# Carpentry work



## dandiamond11 (Feb 13, 2016)

Hi any one know we're in Canada would be the best to find carpentery jobs iv been looking at Edmonton alberta but I just wanted other opinions


----------



## Auld Yin (Mar 10, 2009)

dandiamond11 said:


> Hi any one know we're in Canada would be the best to find carpentery jobs iv been looking at Edmonton alberta but I just wanted other opinions


Lots of residential/high rise building happening in the Toronto area.


----------



## dandiamond11 (Feb 13, 2016)

Thanks do you know if Canada recognises UK qualifications


----------



## JT9688 (Jan 19, 2016)

dandiamond11 said:


> Thanks do you know if Canada recognises UK qualifications


Canada is going through a downturn at the moment and it is pretty slow in lots of places. You could probably look in British Columbia as construction projects are coming down the pipe this spring. You might also want to look at places like Manitoba and Saskatchewan. More work there as well. Alberta is very very slow right now. 

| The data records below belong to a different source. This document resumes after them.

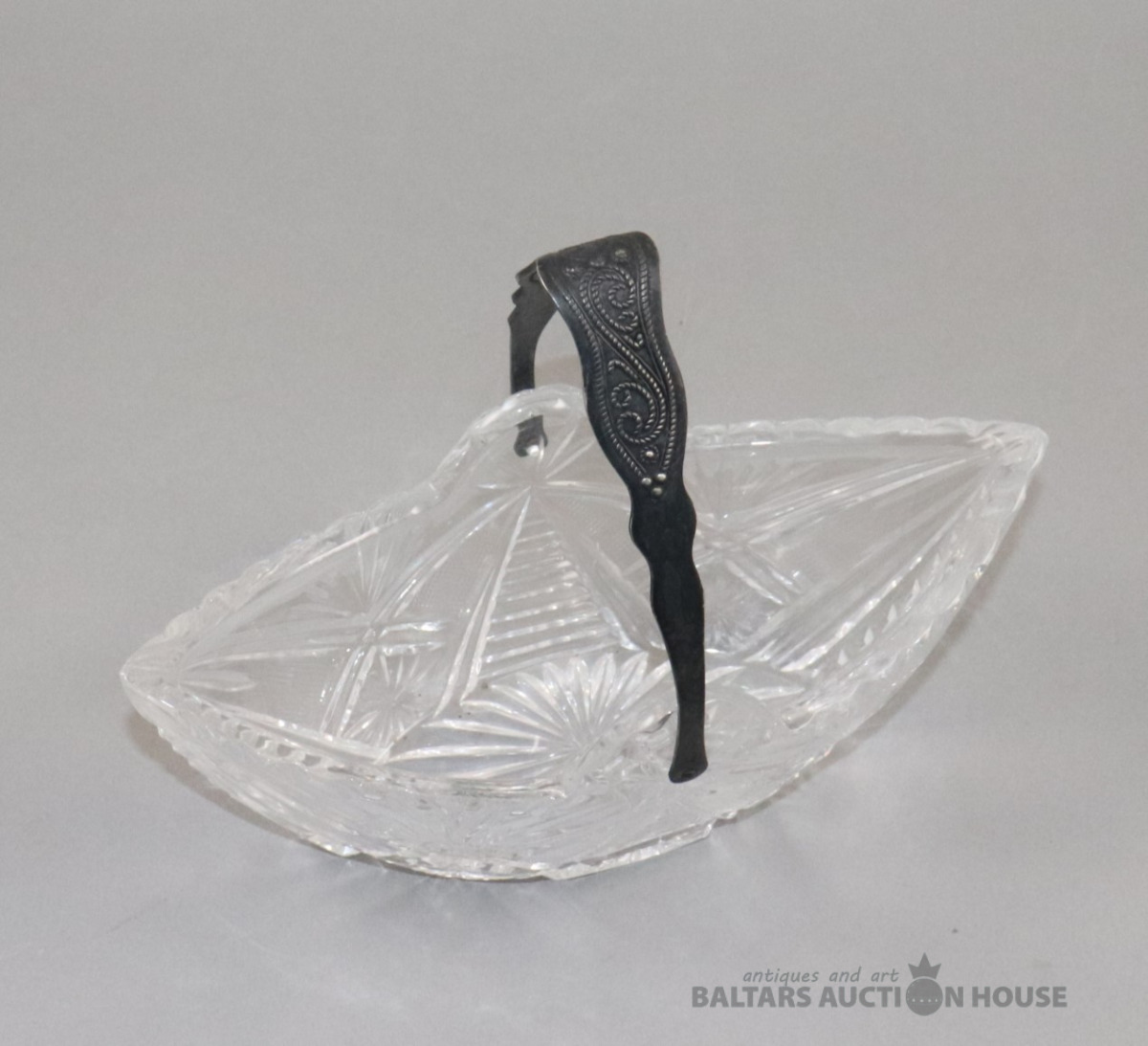 Stikla trauks ar metāla rokturi. 9x10,5x23,5 cm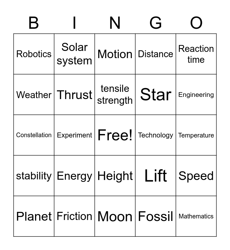 This bingo card has a free space and 36 words: Aerodynamics, Gravity, Drag, Thrust, Lift, stability, tensile strength, dead load, Reaction time, environmental load, Experiment, Distance, Science, Technology, Engineering, Robotics, Gaelhawks, Energy, Mathematics, Motion, Temperature, Speed, Friction, Planet, Moon, Solar system, Constellation, Sun, Star, Weather, Erosion, Scientist, Fossil, Height, measurement and Weight.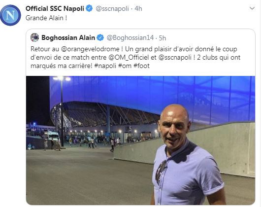 Il Napoli ieri sera ha battuto l’Olimpique Marsiglia al Velodrome, per 0-1, gol di Dries Mertens. Presente anche l’ex giocatore azzurro Alain Boghossian, che ha twittato così.
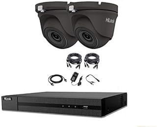 HIKVISION HILOOK Système de vidéosurveillance 5 MP 4 canaux 5 MP DVR Caméra intérieure/extérieure 2 caméras Grises tourrets Vision Nocturne Kit HDMI (1 to HDD pré-installé)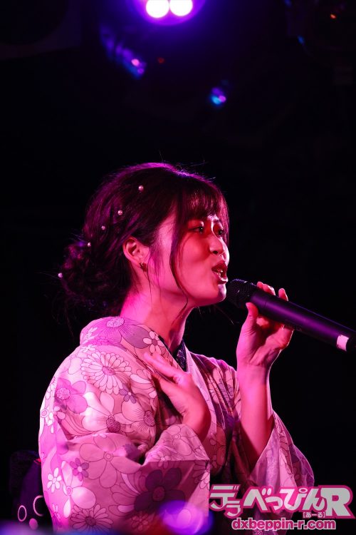 夏休みスペシャルライブらしく浴衣姿で登場した望月あやかちゃんは妖艶な雰囲気がムンムン! 昭和アイドルのビッグヒット曲から演歌まで美声を響かせて完璧に歌ってくれました。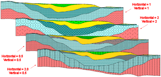 Fixed Pattern Scaling (Manual): Choose this option if you don't like the default pattern scaling. It allows you to enter a scalar for both the horizontal and vertical axes. This can be helpful if the patterns overall are simply too coarse or dense, of if you are displaying a cross-section at a very large vertical exaggeration and the patterns are being stretched.

Carpentry as a mandatory trade is decided upon by the provinces so depending on the province you go to, there are requirements for the trades. In Alberta and Saskatchewan Carpentry is an optional trade so you do not need any requirements to work in those provinces. Usually it is trades such as electrician, plumbing, HVAC, that are mandatory trades Carpentry seems to be more of an optional in most provinces.


----------



## dandiamond11 (Feb 13, 2016)

Are the places you have mentioned expensive places to live? Thanks for all the information


----------



## WestCoastCanadianGirl (Mar 17, 2012)

Vancouver is stupidly expensive... London like in the cost of living, when compared to other parts of Canada.


----------



## colchar (Oct 25, 2011)

dandiamond11 said:


> Thanks do you know if Canada recognises UK qualifications



Carpentry will be regulated provincially and it will also depend on which qualification you have. For example, NVQs are meaningless here and are not recognized.


----------



## JALT (Mar 8, 2016)

dandiamond11 said:


> Hi any one know we're in Canada would be the best to find carpentery jobs iv been looking at Edmonton alberta but I just wanted other opinions


My mate's a UK carpenter moved to Regina Saskatchewan. Took him about 4 months to find work with a good CV (years of experience), but it's only a temporary contract. Don't know too much about it myself but I've heard him say that carpentry out here is a lot different to carpentry in the UK. Something like carpentry out here is almost lumped in with general construction so you might be doing plaster boards etc as well... can't help much more, but suggest you look at a few job adverts at the job description. Check out saskjobs.ca

Hope that's of some help


----------



## JT9688 (Jan 19, 2016)

dandiamond11 said:


> Are the places you have mentioned expensive places to live? Thanks for all the information


Not a problem. Manitoba and Saskatchewan are relatively reasonable however housing in Manitoba is much cheaper than Saskatchewan. 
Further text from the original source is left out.